Я и скроен и сшит неладно. Как видишь. От встреч с солнцем и дождями всякий раз начинаю ползти по швам и прокисать. Так и теперь. Я скоро дошёл бы до мизерабельнейшего состояния, если б не случай. Как-то, когда я, прячась от дождевого захлёста, подобрался под навес крыльца, резко открылась дверь и, ударив меня в спину, сошвырнула по ступенькам вниз, в лужу. Подняв голову, я увидел сощуренное лицо: у лица были благотворительствующие глаза и крохотная мушка на правой щеке. Тут же – под брызгами и грохотом желобов -я вытащил свои старые удостоверения и получил место рассыльного модной мастерской, которой заведовала подобравшая меня сострадательница. И вместо книг – я получил новую поноску – картонки и баулы – из улиц в улицы, от заказчиц к заказчицам. Лёгкие ткани в картонных коробах – это мне было ещё под силу. В пути я, сколько мог, прятался под свои картонные груды; дойдя, не звонился у парадных, а шёл по чёрной лестнице и, вдвинувшись в открытую мне дверь своими картонками, старался поскорее ретироваться. Но меня никогда и не замечали: под тесёмками моих пакетов были запрятаны несложно сработанные тоже своего рода «фантомы», имитирующие тело, то полнящие, то утоняющие, вытягивающие и укорачивающие – короче – подделывающиеся под обаяние не хуже, чем я под жизнь. Я любил смотреть, втиснувшись куда-нибудь в тёмный угол, как ножницы и пунктирные машинки закройщиц бродят по бумажным плоскостям, выискивая корректную линию меж мечтой и фактом. В мастерской, под рядами крючьев, спадая с деревянных плечиков, всегда десятки газовых, шёлковых, бархатных телооболочек: женщины – женщины – женщины. Запах клея, духов и пота. Этому гарему одежд нужен был свой евнух: что-нибудь безлицее и бесполое. Мужчина в этом мирке для опаутиниванья мужчин был преждевременен. Моя наружность, казалось, давала мне права на эту должность. Притом, когда я видел, как сантиметр ползает по оголенным торсам живых женщин, тёплых и мягких, я не испытывал ничего, кроме отвращения и страха. Мы, фантомы, имеем свои вкусы и своё мнение о вашей так называемой любви.

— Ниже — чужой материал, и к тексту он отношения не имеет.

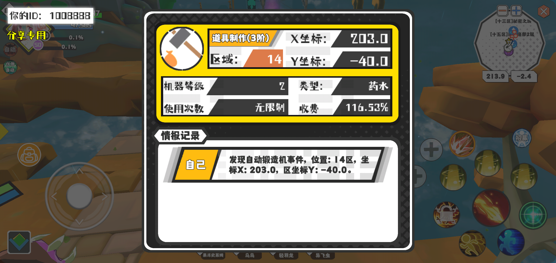 幸运时刻分享! 【自动锻造机】2月16日下午6点 - 道具制作(3阶)【2级机器】 【14区】 【X:203.0, Y:-40.0】

– Вот как, – улыбнулся Склифский, – минуточку. Я сейчас.
Снова зазвенело стеклом о стекло. Склифский, сквозь синь рассвета, всочившегося в ночь, ясно видел близкое – глаза к глазам – лицо вживня: немигающие веки и сдавленный щипцовыми ложками лоб, липкая ротовая щель.
– Ну-ну, начнём с мнения, – пригнулся Склифский к вновь зашевелившейся дыре рта, – всё усиливающийся кровяной гул в ушах глушил слова.

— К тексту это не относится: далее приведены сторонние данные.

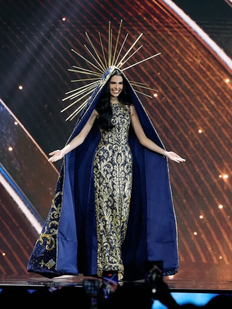 Maria Gabriela brilhou sob luzes intensas com seu vestido dourado, manto reluzente e um adorno de cabeça em raios luminosos, reverenciando a padroeira do Brasil em um dos palcos mais assistidos do mundo. Em suas redes sociais, a representante brasileira descreveu o traje como muito mais do que uma roupa: afirmou vestir a história, a fé e a identidade de um povo cuja luz atravessa gerações e simboliza resistência. A miss destacou também que carrega consigo a força das mulheres brasileiras, a devoção que molda a cultura e o orgulho de representar um país que se reinventa e persiste, mesmo diante dos maiores desafios. “É o Brasil que caminha comigo. É a fé que me sustenta”, resumiu, em uma declaração que viralizou.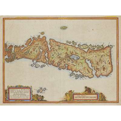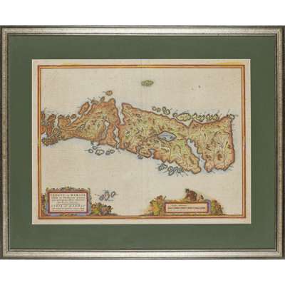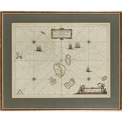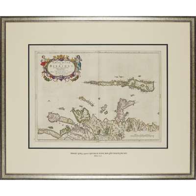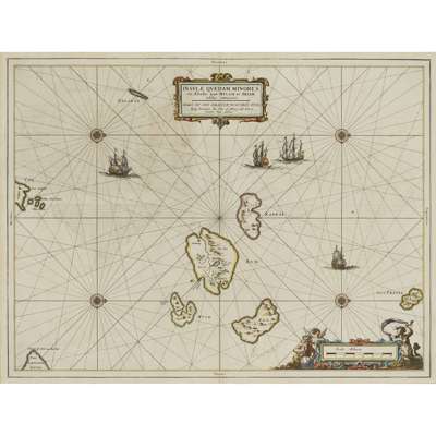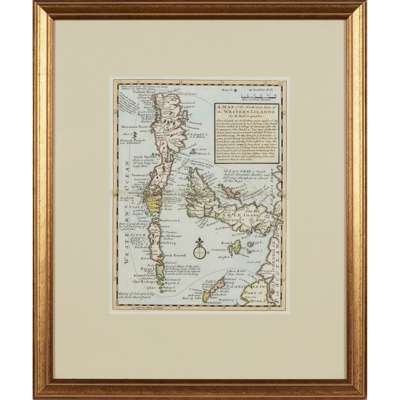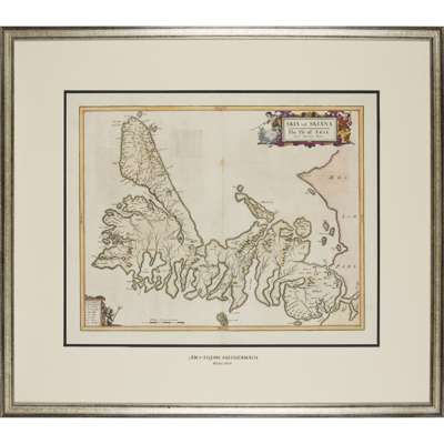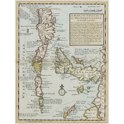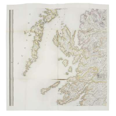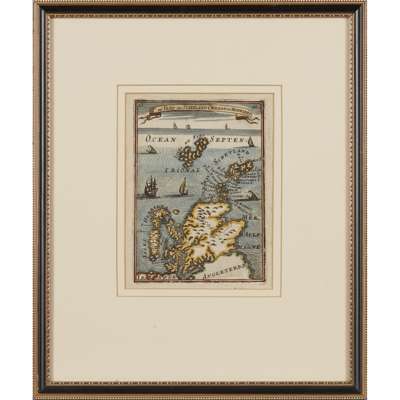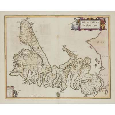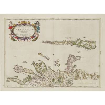 The Westerne Iles of Scotland. [Amsterdam, c. 1654], engraved map hand-coloured in outline, 425 x 575mm, framed and glazed; Blaeu, Joan. Lewis and Harray. [Amsterdam, c. 1650]. hand-coloured engraved map, 415 x 555mm., slightly spotted, framed and glazed; Blaeu, Joan. The Yle of Skie. [Amsterdam, c. 1654], engraved map, faintly hand-coloured in outline, 455 x 570mm, framed and glazed; Blaeu, Joan. Some of the Smaller Westerne Yles lying betweene the Iyles of Mull and Skye. [Amsterdam, c. 1654], engraved map, hand-coloured in outline, 410 x 540mm, French text on verso, small note in faint ink just below the island of Egg, framed and glazed; Moll, H. A Map of the North West Part of the Western Islands. [1725], later hand-colouring, slight darkening above centre fold, framed and glazed; Mallet, A.M. Is. de Fero de Scheland. Orknay et Hebrides. [c. Paris, 1683], hand-coloured engraved map, 155 x 117mm, framed and glazed; Lewis, Samuel. Topographical Dictionary... supplementary volume: Map of Scotland. 1849, 4to, map on 6 folding sheets, original cloth (6 maps and 1 volume)

– Мнение моё сводится к тому, что вы, люди, несводимы. Вы только присутствуете, подглядываете свиданья призраков. Вы сначала придумываете друг друга. Этот в этой всегда любит ту, некий фантом, привносимый в его двуспинное и четырёхрукое счастье. Поэтому-то всякий этот прежде всего чем дать объятью втянуть себя, так или иначе защищает несуществующую ту от существующей этой. Самый вульгарный приём: ночь. Ведь большинство из вас любит сквозь темноту, когда манекен, лежащий рядом, можно облечь в какие угодно наипрекраснейшие тела, а тело – в наифантастичнейшую душу, этот фантазм фантазмов. Ваша смутная ночная ощупь разве не инъецирует мозг призрачностью и препарирует мечтательски грубую данность, как… Короче: оттого, что ту воображают, эта рожает. И если…
– Постой-постой, – перебил Склифский, – что-то такое вот тёрлось мне уже о мозг. Как-то подумалось – так, случайно, – что акт любви, ну понимаешь, это _обратное рождение_: тянет назад, странно, туда, откуда тебя вытянуло щипцами. И только. Я, кажется, запутался. В голове гул.

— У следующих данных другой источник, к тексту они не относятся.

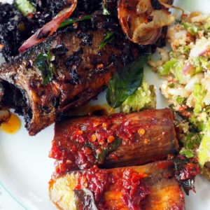 Na obed ideme rovno na nábrežie. Pre zmenu si chceme navoliť niečo z bufetu. Domáca nám radí, tak sa dostávame ku grilovanej rybe, pikantnému baklažánu, čomusi zelenenému šalátovému. A samozrejme – veľa ryže. Z tej ryže nakoniec aj nechám, lebo chcem už konečne testnúť aj niečo indického. Nedávame si ani kokos a trielime do Malej Indie.

И тотчас же, почти налипая лицом на лицо, Фифка подобрался ртом под самое ухо Склифского; вокруг глаз прыгали чёрные по сини пятна рассвета, воздух гудел и прокалился непонятным жаром, но сквозь пятна и гул Склифский схватывал:
– Нет-нет, именно сейчас-то тебе и надо дослушать. Вот тут ещё у донца. Не расплесни. Так. На чём мы остановились. Да, моё практическое отношение к любви. Я говорил уже, что все эти самки из мятого мяса были мне непонятны и даже страшны. Но над потолком мастерской, за семью поворотами витой лестнички я отыскал то, о чём не раз грезил за дверью своей тесной каморки: там, наверху, находился своего рода архив моделей. Ключ от него был у меня. По скрипучей витуше редко кто подымался наверх – к картонным подобиям. Но лучше было соблюдать осторожность. Время для моих тайных свиданий я выбирал всегда ночью, когда в мастерской никого и все двери на ключах. Тогда, со свечой в руке, я подымался по круженью ступенек: за отщёлкнутой дверью я видел ряды женственных одноножек, молча подставлявших мёртвые вгибы и выгибы тел под свет свечи. Я проходил мимо, не коснувшись ни одной. Там, в конце ряда, у стены слева ждала моя она. Поставив свечу на пол, я подступал к ней, грудью к груди. У неё не было рук – чтобы защищаться, и глаз – чтобы укорять. Под пальцами у меня скользили нежно очерченные холодные бёдра, и о грудь мне тёрлись пустые выгибы грудей. Тонкая ножка жалобно и беспомощно скрипела, и мне казалось… но, понимаешь, по острию сладострастия меня вело не это, даже не это, а мысль – вот: перед тем, как родиться человеку, нужно, чтобы двое живых любили друг друга, – но перед тем, – слушай же, слушай, – перед тем, как человеку умереть, нужно, чтобы двое фантомов полюбили друг друга. И вот…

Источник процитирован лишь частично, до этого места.